La fillette acquiesça, son regard toujours un peu perdu. Elle ne parla pas, mais serra les jouets contre elle. Son petit corps semblait soudain plus assuré, son regard plus doux, comme si elle avait trouvé un instant de calme au milieu du tumulte de sa vie. Dmitri sentit qu’elle venait de recevoir quelque chose de précieux. Pourtant, il y avait encore dans ses yeux une ombre d’inquiétude. Il voulait lui dire autre chose : que toute sa douleur, sa fatigue, son combat — n’étaient pas inutiles.

La fillette rentra chez elle, tenant fermement ses cadeaux comme un refuge. Elle ignorait ce qui l’attendait, mais dans son cœur brûlait une petite flamme de chaleur nouvelle. Cette nuit-là, elle ne trouva pas le sommeil facilement. Elle tenait contre elle le lapin en ballon que Dmitri lui avait offert, songeant à la façon dont le monde lui semblait soudainement un peu plus lumineux, sa vie un peu plus douce. Elle sentait qu’il y avait de la place pour la joie, pour la tendresse — même si ce n’était qu’un simple geste, un cadeau qui n’était pas qu’un jouet, mais un symbole d’attention.

Dans sa chambre plongée dans l’obscurité, un sourire s’étira sur ses lèvres. Elle avait désormais un lapin en ballon, comme un vrai, devenu son ami au moment où elle en avait le plus besoin. Peut-être que ce n’était qu’un lapin, mais pour elle, c’était de la magie authentique. Elle le serra contre elle, sentant le monde devenir plus doux.

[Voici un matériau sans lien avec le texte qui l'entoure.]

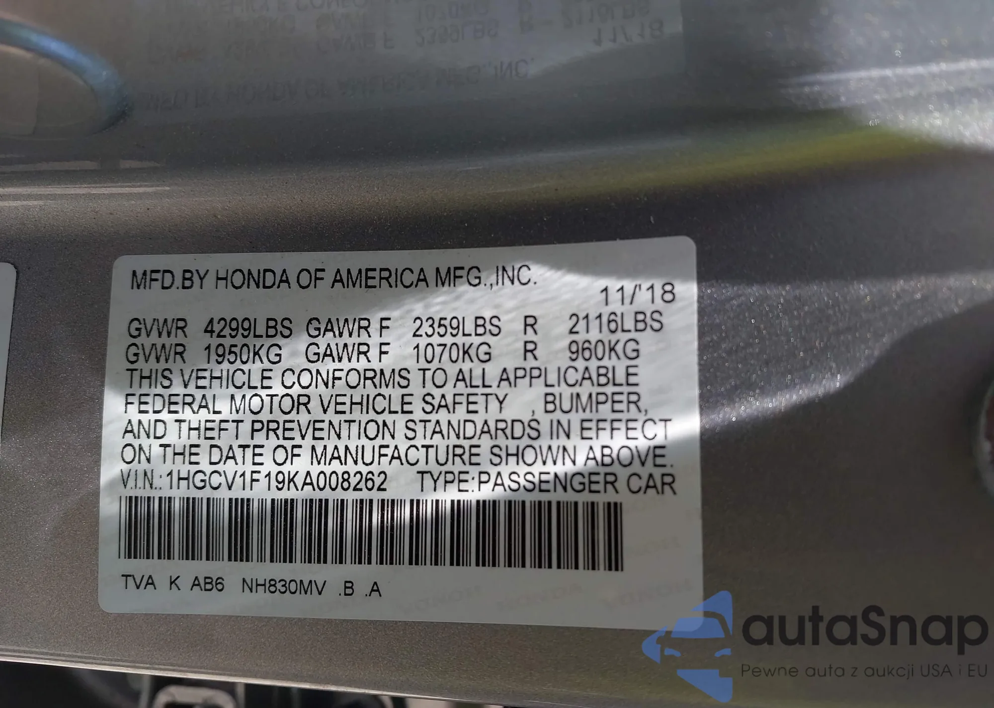LOT: 42326916 VIN: 1HGCV1F19KA008262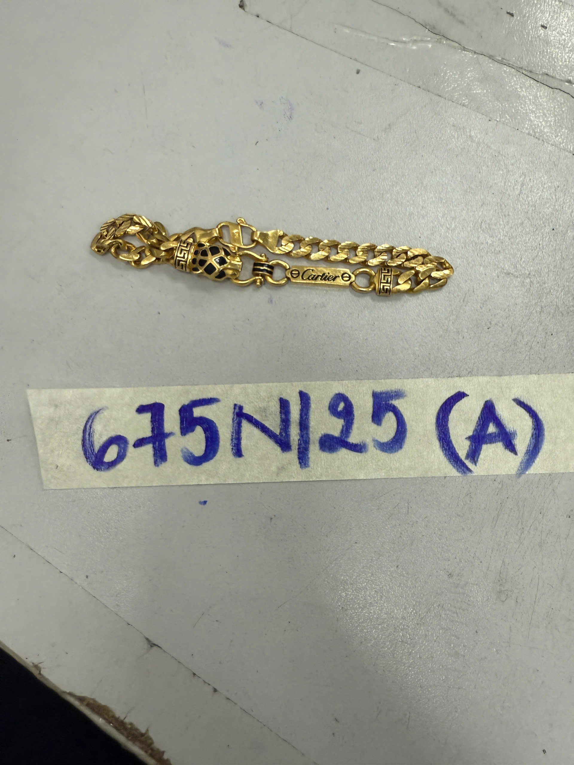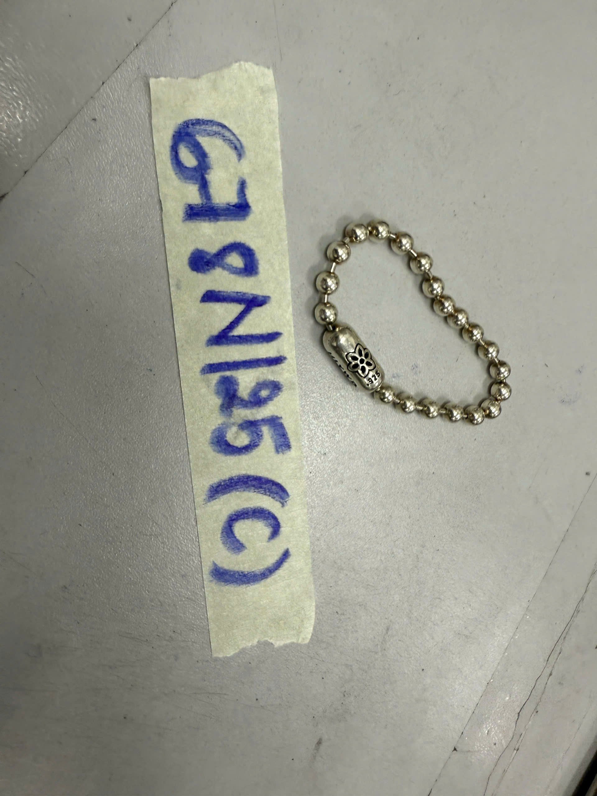 Ngày tiếp nhận: 14/4/2025 Mã hồ sơ: 678N2025C Mô tả: 01 vòng lắc tay kim loại màu trắng, có chữ “HLYWD/.925”. |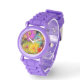 Een leuk kleurrijk horlogegezicht versierd met gele, paarse, roze, oranje, rode, blauwgroen en groene plat met bijpassende confetti. De gele getallen zijn een sjabloon die je kunt verwijderen. Kies uw band "Stijl" en "Kleur" onder Opties.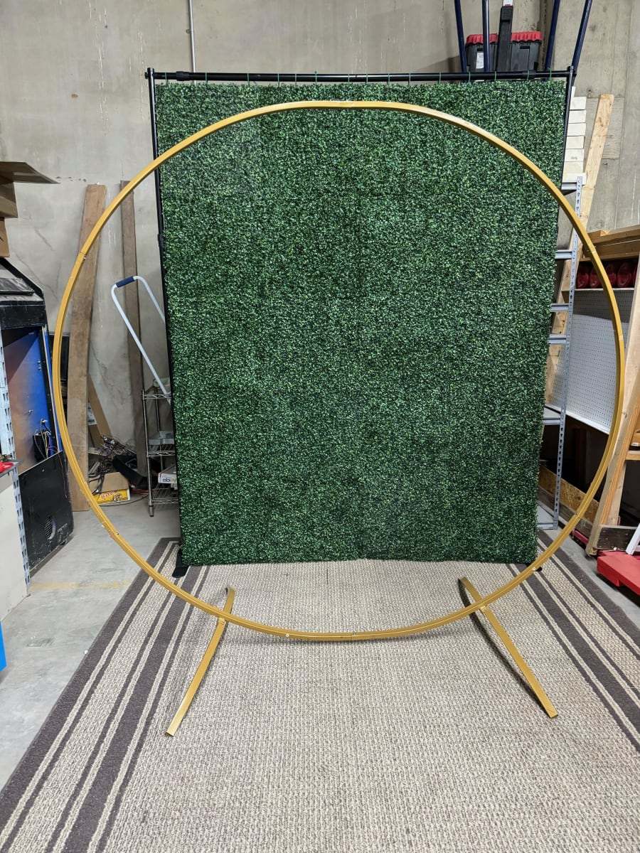 Note: The greenery background comes in 2 sections that hang from the included frame. Each of these 3 sections is made of smaller pieces that should not be taken apart. If you take the 2 sections apart, you will be charged $35.00 to cover the cost of reassembling them. By renting this item you agree to paying this fee if you disassemble one or both of the 2 sections.

De son côté, Dmitri ne parvenait pas non plus à trouver le sommeil. Allongé dans sa modeste chambre, il pensait à cette fillette. Combien de fois oublions-nous combien il est essentiel d’être simplement présent quand quelqu’un traverse une épreuve. Nous pouvons tous agir, mais dans le tourbillon de la vie, nous oublions que les petits gestes peuvent tout changer. Il comprit qu’il ne fallait pas toujours attendre un grand événement pour aider. Parfois, il suffit d’être là où on est nécessaire. Et pour lui, cela suffisait à lui montrer qu’il avait vraiment fait la différence.

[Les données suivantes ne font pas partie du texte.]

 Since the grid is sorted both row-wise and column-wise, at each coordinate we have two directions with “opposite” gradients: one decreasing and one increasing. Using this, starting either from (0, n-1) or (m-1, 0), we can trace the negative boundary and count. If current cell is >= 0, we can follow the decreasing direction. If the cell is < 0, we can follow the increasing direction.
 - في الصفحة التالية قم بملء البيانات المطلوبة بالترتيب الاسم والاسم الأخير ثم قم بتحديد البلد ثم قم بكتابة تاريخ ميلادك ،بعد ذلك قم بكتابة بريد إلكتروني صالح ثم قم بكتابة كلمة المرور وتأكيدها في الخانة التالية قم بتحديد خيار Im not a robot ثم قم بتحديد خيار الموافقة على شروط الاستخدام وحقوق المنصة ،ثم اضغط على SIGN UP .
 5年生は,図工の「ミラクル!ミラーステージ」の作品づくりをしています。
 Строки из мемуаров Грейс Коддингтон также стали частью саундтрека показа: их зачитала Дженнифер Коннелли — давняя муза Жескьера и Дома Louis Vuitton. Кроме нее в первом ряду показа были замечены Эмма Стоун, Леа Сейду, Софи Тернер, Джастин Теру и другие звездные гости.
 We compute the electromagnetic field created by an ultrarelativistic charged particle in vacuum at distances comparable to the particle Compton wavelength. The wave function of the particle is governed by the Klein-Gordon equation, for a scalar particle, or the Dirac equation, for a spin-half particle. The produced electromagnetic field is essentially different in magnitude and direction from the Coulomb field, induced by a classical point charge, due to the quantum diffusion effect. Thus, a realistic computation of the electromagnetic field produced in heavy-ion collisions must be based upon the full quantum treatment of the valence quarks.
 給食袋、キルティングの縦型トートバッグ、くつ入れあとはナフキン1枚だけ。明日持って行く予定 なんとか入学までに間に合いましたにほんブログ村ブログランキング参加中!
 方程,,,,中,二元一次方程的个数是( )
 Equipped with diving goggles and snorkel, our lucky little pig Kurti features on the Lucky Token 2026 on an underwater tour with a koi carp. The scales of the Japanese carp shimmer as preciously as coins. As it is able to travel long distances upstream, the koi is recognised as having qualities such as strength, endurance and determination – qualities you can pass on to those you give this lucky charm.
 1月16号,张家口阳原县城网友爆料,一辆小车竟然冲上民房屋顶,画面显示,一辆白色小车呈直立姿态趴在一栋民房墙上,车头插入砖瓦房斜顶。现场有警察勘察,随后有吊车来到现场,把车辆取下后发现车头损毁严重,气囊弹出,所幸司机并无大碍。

Le lendemain, la fillette revint le voir. Elle se tint au même endroit que la veille, mais son visage avait changé. Ses yeux brillaient, et un léger sourire flottait sur ses lèvres. Elle s’approcha doucement et dit :

— Merci. Maman était très heureuse. Grand-mère aussi. Elles ont dit que c’était le plus beau cadeau. Merci, Dmitri.

Le cœur de Dmitri se remplit de joie. Il acquiesça, un peu gêné, mais avec une sincérité profonde dans le regard. Il n’attendait pas de remerciements, mais cela le touchait.

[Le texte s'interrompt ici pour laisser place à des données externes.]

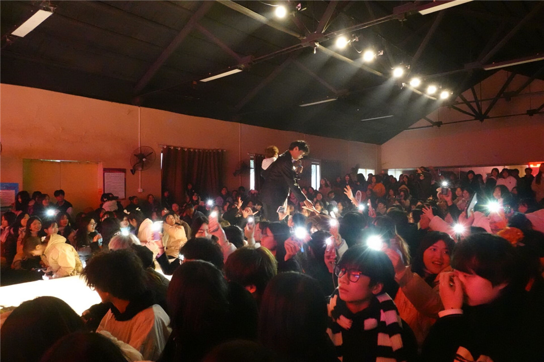 大禮堂里燈光璀璨、音樂回蕩,舞臺上和觀眾席的同學們上下聯動,群情激昂、熱鬧非凡。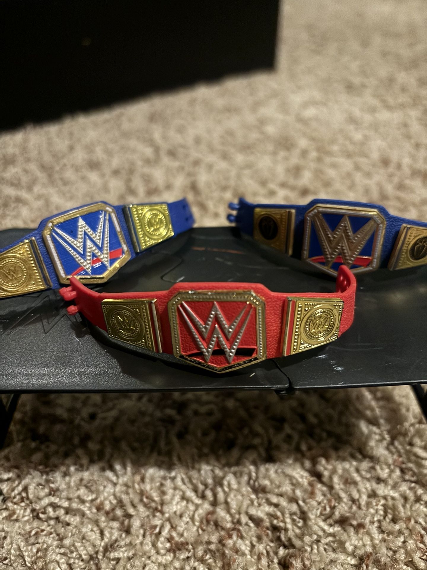 WWE Universal Title Belts Red and Blue ASK FOR LOT OF SEPARATE Each of Blue ones is $9, Red is $11, all together is $26 comes from a smoke free home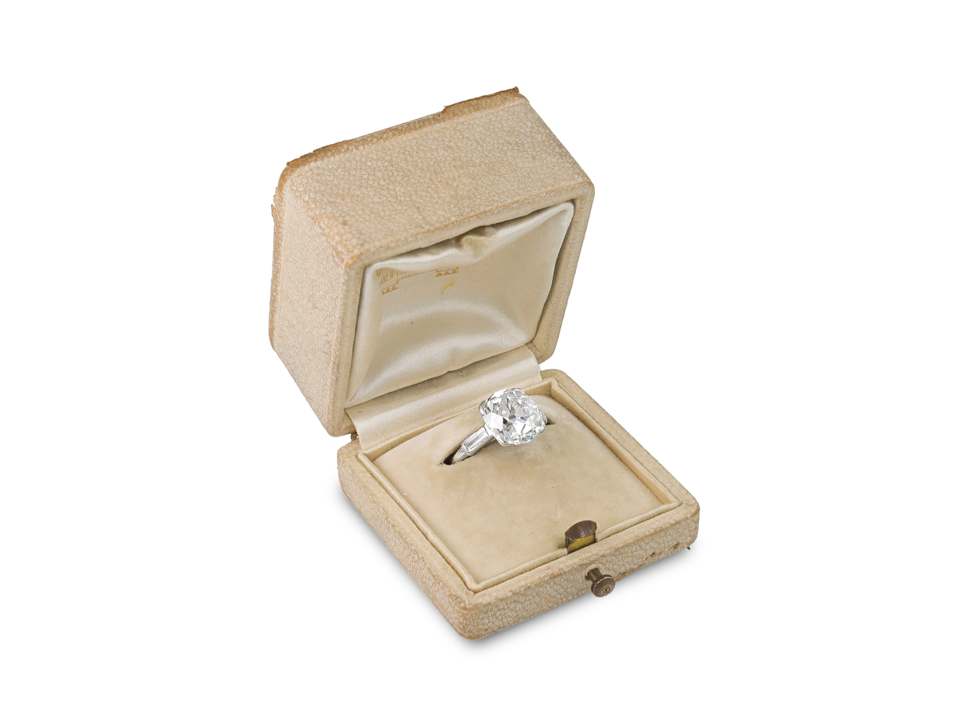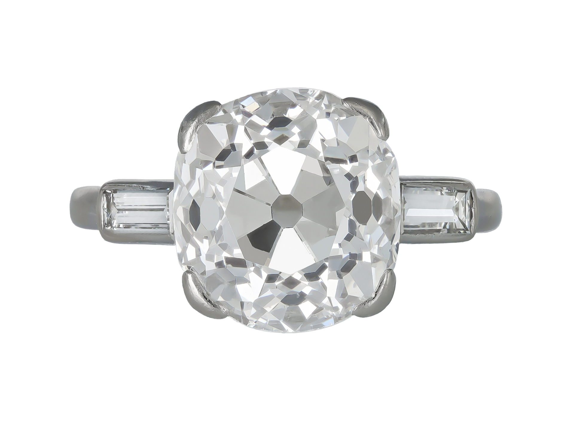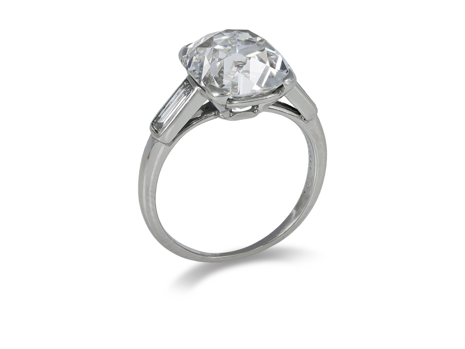 Cartier Paris 4.37 carat diamond flanked solitaire. Set to centre with a cushion shape old mine diamond in an open back claw setting with a weight of 4.37 carats, flanked by two rectangular baguette cut diamonds in open back rubover settings with a combined approximate weight of 0.40 carats. The total approximate diamond weight is 4.77 carats, to an exception flanked solitaire design featuring broad stylised claws, an open gallery and fancy shape open backholing, leading to raised shoulders which flow through to a D-shape shank. Marked platinum, signed 'Cartier Paris', accompanied by original receipt dated to the 28th June 1937, and original Cartier box.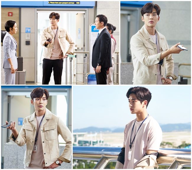 무엇보다 평소 ‘얼굴 영재’로 불리는 로운이 인천공항 내 ‘만찢남(만화를 찢고 나온 남자)’의 비주얼을 구현시킨 첫 현장이 공개돼 시선을 사로잡고 있다. 극중 항공기 운항 정보를 관리하는 계류장 운영팀의 업무 수행 중 두 항공사의 이해관계가 충돌하며 대치하게 된 상황, ‘고충처리반’으로 끼게 된 고은섭은 상황을 중재하다 급기야 영혼이 가출한 듯한 표정을 짓고, 결국 어딘가로 급하게 전화를 걸어 현장의 분위기를 생중계한다. 고래 싸움에 새우등이 터진 고은섭의 멘탈 붕괴 전말은 무엇인지 궁금증이 고조되고 있다.

— Tu m’as beaucoup aidé, répéta la fillette, serrant à nouveau son lapin. — Tout ira bien.

Dmitri la regarda en silence, conscient que tout ce qu’il avait fait n’était qu’un pas vers elle, un geste qui avait permis à quelqu’un de ne plus se sentir seul dans ce vaste monde. Il était heureux de voir que ce monde changeait, même un peu.

Et il savait au fond de lui : tout ira bien.